Exercise objective ::
Every word in the data below belongs in your copy, exactly as given; the pictures do not.

Provided material: Begin

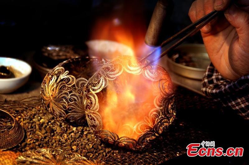Artisans use silver thread to make crafts in Chengdu City, Southwest China's Sichuan Province. The craft dates back to the Song Dynasty (960-1279) and involves time-consuming, elaborate steps to pull a one-meter silver piece into a 1000-meter thin thread, which is then used to make all kinds of handmade works. In 2008, the craft was included as a national intangible cultural heritage. (Photo: China News Service/Zhong Xin)
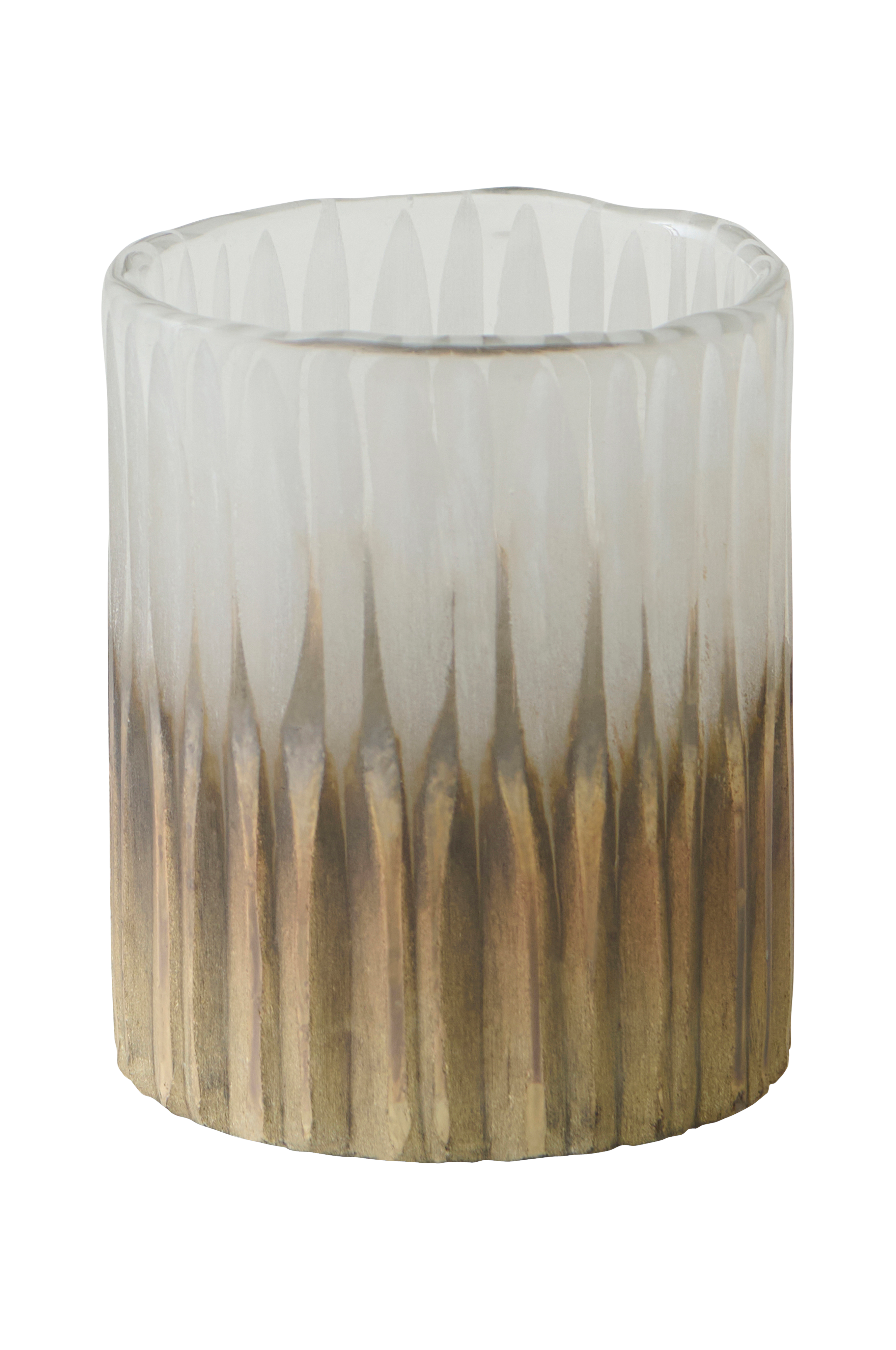 Käsintehty kynttilälyhty lasia, jossa huurrettu struktuuripinta. Korkeus 10 cm, halkaisija 8 cm.
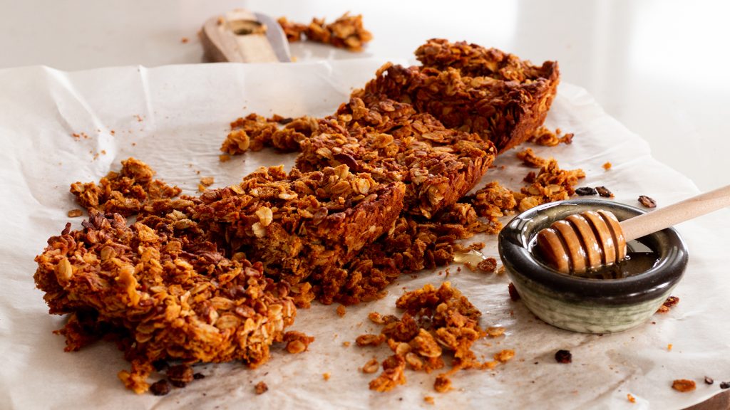 This lovely warming slice is just what you need as the days begin to get cooler. If you are feeling a little naughty, a drizzle of good quality melted dark chocolate over the cooled slice is a nice addition.
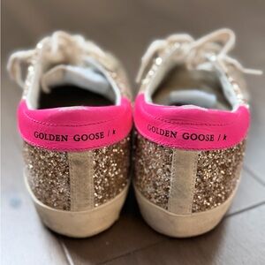 Golden Goose Gold Glitter Super Star Sneakers with Neon Pink

Provided material: End

Exercise result ::
Artisans use silver thread to make crafts in Chengdu City, Southwest China's Sichuan Province. The craft dates back to the Song Dynasty (960-1279) and involves time-consuming, elaborate steps to pull a one-meter silver piece into a 1000-meter thin thread, which is then used to make all kinds of handmade works. In 2008, the craft was included as a national intangible cultural heritage. (Photo: China News Service/Zhong Xin)
 Käsintehty kynttilälyhty lasia, jossa huurrettu struktuuripinta. Korkeus 10 cm, halkaisija 8 cm.
 This lovely warming slice is just what you need as the days begin to get cooler. If you are feeling a little naughty, a drizzle of good quality melted dark chocolate over the cooled slice is a nice addition.
 Golden Goose Gold Glitter Super Star Sneakers with Neon Pink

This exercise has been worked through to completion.